Время - субстанция иррациональная, даже всесильной математике не слишком подвластная.

Жизнь больше смерти, потому что ее в себе заключает. И смерть больше жизни, потому что ее в себе заключает.

Вот и решай уравнение, вот и выравнивай!

Что такое исчезнувший день? Бессмыслица, несуразица, мираж, вязкое марево, Летучий голландец, в облаках, словно дымный гекзаметр немой, белопенно плывущий.

Исчезнувший день невозможен, как смерть без жизни или без смерти жизнь. Исчезнувший день есть провал и изъятие: провал в жизни, изъятие смерти. Исчезнувший день - исчезновенье всего: того, что будет и было, всего, языка в том числе из жизни моей извлечение! Каким же образом мне общаться с предками и потомками? Ладно уж современники, мы друг другу и так надоели.

Время распалось, время рассыпалось. Огрызки, ошметки, обломки. Звезды в тарелке рас-сып-ча-ты-е!

Щёлк! Дверь защелкнется, и зубами волчьих щенков тавтологично защелкает безнадежность.

Если представить, что я в четырнадцатое в четверг попаду, то до неузнаваемости изменюсь. Но это меня не волнует.
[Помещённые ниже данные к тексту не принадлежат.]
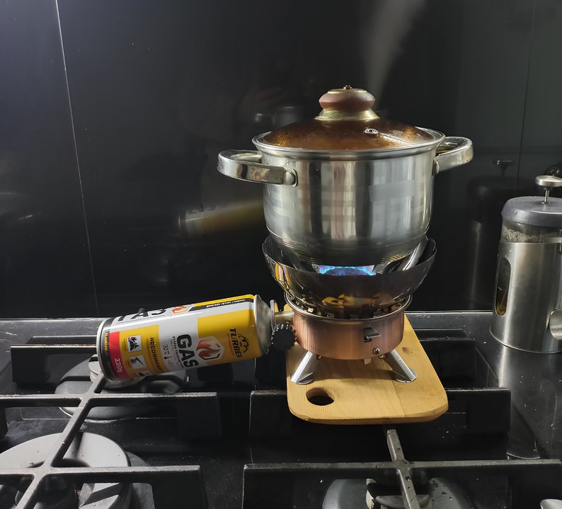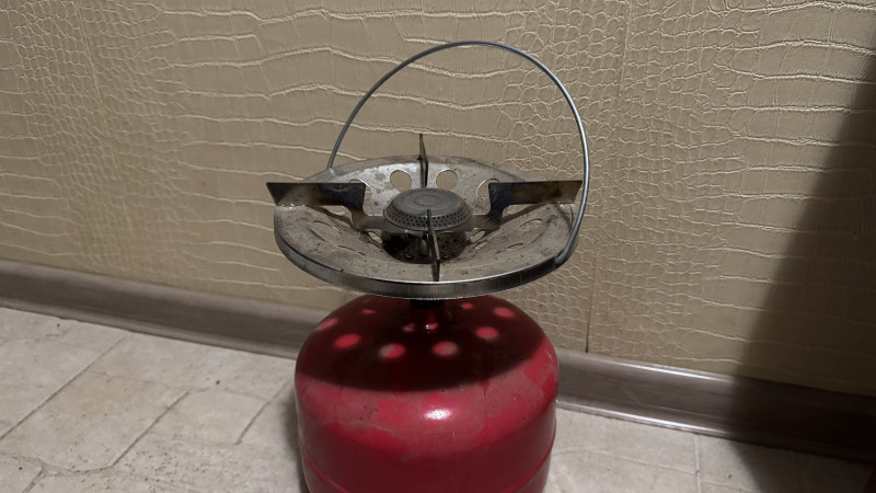 Переносний газовий пальник (зверху), встановлений на газовий балон. Суспільне Миколаїв/Юлія Голокоз

Даже если кого-то там встречу, всё равно друг друга мы не узнаем.

Другое тут: я стану не-я. Что уж предки-потомки, язык. Как с самим собою общаться? Просыпаешься: "Доброе утро. Разрешите представиться".
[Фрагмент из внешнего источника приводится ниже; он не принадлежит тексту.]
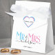 Celebrate your holy matrimony with this cute Mr. and Mrs. wedding party favor thank you box for wedding guests. Customize it by adding your last name / surname and wedding anniversary year date. Pink, blue and black elegant font with heart shape. Great for a bridal shower or anniversary / wedding reception dinner party for a husband and wife.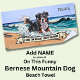 Add Name, Bernese Mountain Dog Splashing Waves Dog Beach Towel
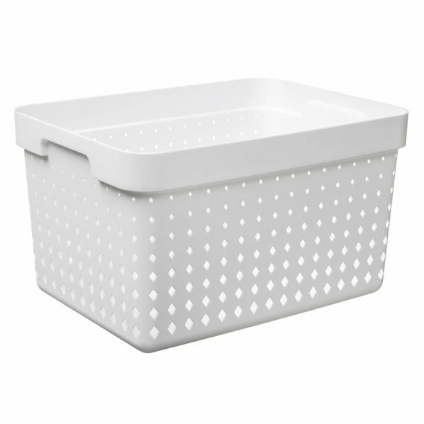In diesem weißen Aufbewahrungskorb mit einem Fassungsvermögen von etwa 16 Liter können Sie in Ihren vier Wänden perfekt Ordnung halten. Egal ob im Badezimmer, in der Küche oder im Wohnzimmer den Korb können Sie überall verwenden.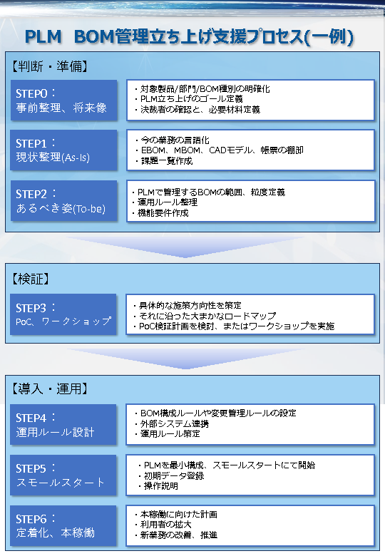 設計部門内の効率化が目的であればPDMで十分な場合もありますが、製造や他部門まで含めた変更管理やBOM統合を実現したいのであれば、PLMの検討が必要になります。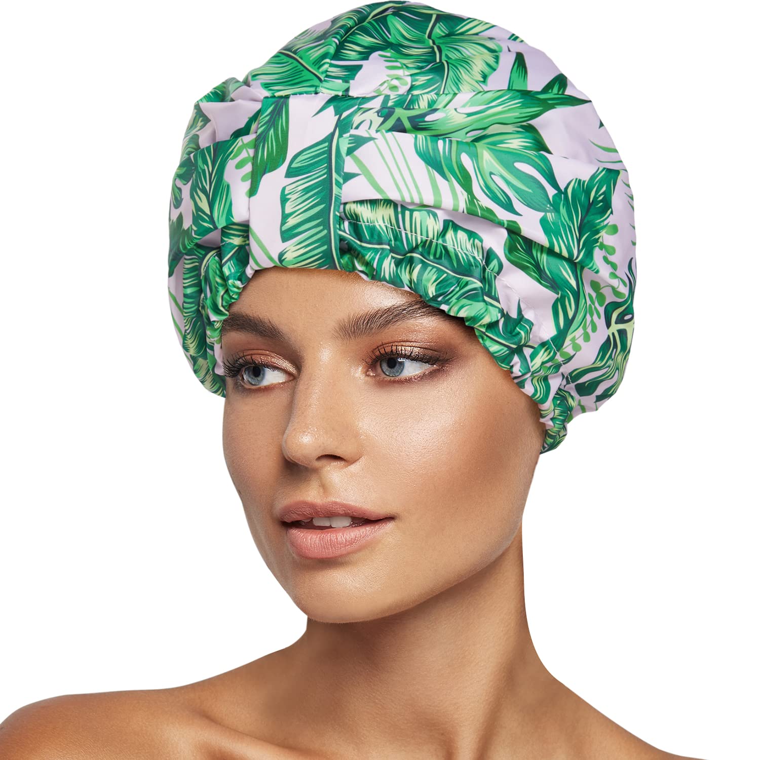 - Double Layer Design for Upgraded 100% Waterproof: Made of premium polyester outer layer coated with waterproof TPU, protects against humidity. Avoiding water vapor or water from entering your cap, always keeping your hair dry while in the shower or bathe.

Как жить со свалившимся на меня четвергом, который в скособоченных скобках будет торчать, непонятно. Ясно, забыть его никогда не сумею. Даже если мудрец теории струн, всё на свете тщащийся связать и объяснить, всё до последнего всхлипа сообщит о природе моего четверга, в пучинах исчезнувшего под звуки дрожащих во времени струн, зыбкий смычок которых коснулся.
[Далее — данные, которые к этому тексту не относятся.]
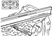 Снимите рычаги клапанов, компенсационные шайбы, направляющие рычагов и гидравлические компенсаторы согласно иллюстрации ниже.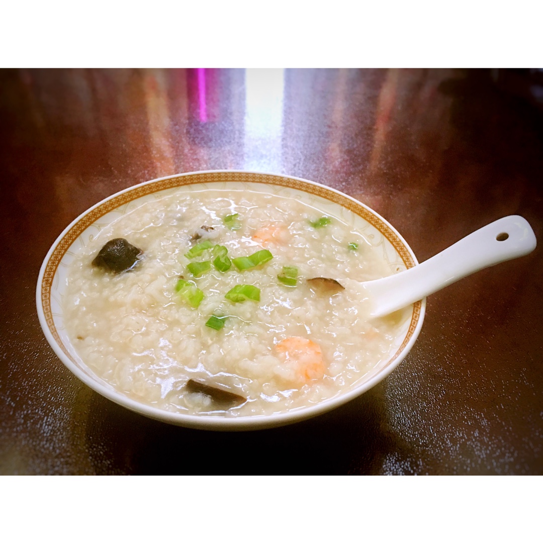 病号饭。。鲜虾香菇粥 还是用干香菇好。。。。

Скрипки, альты, басы сольются в звучании, которое, возносясь, ничего не объясняя, всё в свет обратит, объяснение обесценив, сделав его бесполезным.


Сочиню себе остров

Зачем мучиться с этим днем? Пропал, и пропал. Исчез, и исчез. Но возражение: вдруг именно там, в четверге, безвестно пропавшем, летает та бабочка, которая жизнь мою переменит. Не найду пропажу - всё время, определенное для жизни моей, буду блуждать, себя в кромешности невыносимой отыскивая.

- Где ты?

- Ты где? - Эхо ответит.

Странный четверг меня отрицает. Может, самое лучшее, что могу сделать, его подвергнуть обструкции? Или нет, пожалуй, иначе. Если четверг явил власть надо мной, то я день жизни себе сочиню. Помнится, один заключенный на стенах камеры портреты развесил и сочинил себе с ними жизнь, что побегом в вечность назвали. А я один день не осилю? Людей можно не вписывать: погода скверная, из дома не выйду, никого к себе не приглашу. Сочинив, день проживу. С какой стати куском жизни делиться?! Неведомо с кем! И так мало осталось! Говорят, всё впереди. Пусть бы и так. Но сколько бы ни было, всё равно очень мало осталось, почти ничего.

Сочиню себе остров во времени подобно тому, как в прежние времена острова в океане себе открывали. Спущу шлюпку. Налегая на весла, аккуратно рифы миную, и в белопенности звонкой волна шлепнет шлюпку о берег. Весь остров передо мной, полон нерукотворных сокровищ. Ручьи, деревья, цветы, птицы, всякой твари совсем не по паре. Живи, бери, боем часов, неведомо как уцелевших, весело наслаждайся! Стремись самые мельчайшие детали как можно лучше запомнить, чтобы воспоминание смаковать, до полнейшего истощения высасывая последние всхлипы и капли великого наслаждения.

Сочиню! Без конца и без края! Восторг! Упоение! Ни за что не в ответе. У Бога, землю и человека творившего, такого выбора не было. Хотя мог с доски фигуры долой - расставить по-новому. Но был день полной свободы или он не был, здесь и сейчас, в пятницу я такой, каким был в среду тринадцатого. Вчера на мне не отразилось, следов не оставило. Так и записать: ничего, мол, не бысть.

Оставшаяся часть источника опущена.